CHIP associates with increased risk of multiple CVDs, with most research focusing on atherosclerosis. To replicate human CHIP as closely as possible, we investigated atherogenesis with monoallelic mutations transplanted at pathophysiologically relevant frequencies in both male and female cohorts, and we studied 3 CHIP mutations concomitantly. We found no effect of Dnmt3aWT/RH cell transplant on atherosclerosis in either sex, which supports previous findings with Dnmt3a+/– mutants (19), as well as several large epidemiological studies that did not find an association of DNMT3A CHIP and CVD (7, 14, 57). However, we find Jak2WT/VF cells to increase atherogenesis in males only, which conflicts with previous findings in female Jak2VF mice (20, 21). These differences could be due to alternative genetics (e.g., Cre/Lox), local environment factors, and/or study of 1 sex only. Lastly, we found increased plaque size in females (but not males) with Tet2+/– cells, supporting prior work conducted similarly studying females only (16). In addition, male (18) and female (17) Tet2–/– CHIP mice show more atherosclerosis. However, despite strong epidemiologic data for TET2 CHIP driving CVD (4–7), several conflicting studies exist (14, 25–28, 57). We do not currently know what causes sex-dependent effects of Tet2+/– or Jak2VF cells on atherosclerosis, but it does not appear to be sexual dimorphic cytokine production between mutations. Regardless, our work emphasizes the importance of considering sex as a biological variable in both experimental and epidemiologic research, with sex-specific human analyses warranted but yet to be published. Interestingly, women’s CVD risk increases sharply with age to match that of men, with a similar trend to CHIP prevalence. Given our findings, it is possible that a female-specific effect of TET2 CHIP contributes to this. We found murine atherosclerosis is increased in a mutation- and sex-dependent way after transplant of heterozygous CHIP mutant cells, but the relevance to humans and basis for sex differences is currently unclear.

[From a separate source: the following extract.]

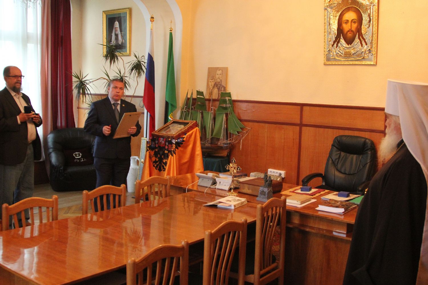 Владивосток. В рабочей резиденции Главы Приморской митрополии 30 мая 2016 года состоялась встреча с организаторами принесения во Владивосток чудотворного образа святого царя страстотерпца Николая — в рамках «Царских дней», приуроченных к празднованию 125-летия посещения цесаревием Николаем Александровичем Романовым Южно-Уссурийского края.

With all experimental and model systems come limitations. A major limitation of the most common approach to model CHIP in mice is the need for irradiation and adoptive transfer of mutant cells. In human CHIP, somatic mutations occur in situ within a given niche, with subsequent selection based on the fitness conferred. In contrast, myeloablative lethal irradiation generates a calamitous milieu of cell death, necrosis, and inflammation, into which the new hematopoietic system must engraft and repopulate the BM, leading to replicative stress and potential exhaustion. Thus, mutations driving CHIP in humans may not necessarily engraft and drive clonal expansion in chimeric mice. Similarly, the effect of inflammation or atherogenesis on transplanted CHIP mutant cells may differ from the effect on human CHIP emerging in situ or the effect of aging. Also, the effect of human CHIP mutations on inflammatory responses, and at what variant allele frequency any effect would be biologically meaningful over inflammation generated from WT cells, is unknown. For example, if a given CHIP mutation doubled cytokine release and clones were present at 10%, this would only increase overall cytokine level by 10%, which is unlikely to make a biological difference. Although we assessed clonal expansion in blood to give longitudinal data, along with BM and spleen chimerism at euthanasia, we cannot exclude specific expansion in the HSC/progenitor population. Finally, different effectors can alter atherogenesis at different time points, and thus, CHIP mutants could have temporal effects that are not modeled in our studies.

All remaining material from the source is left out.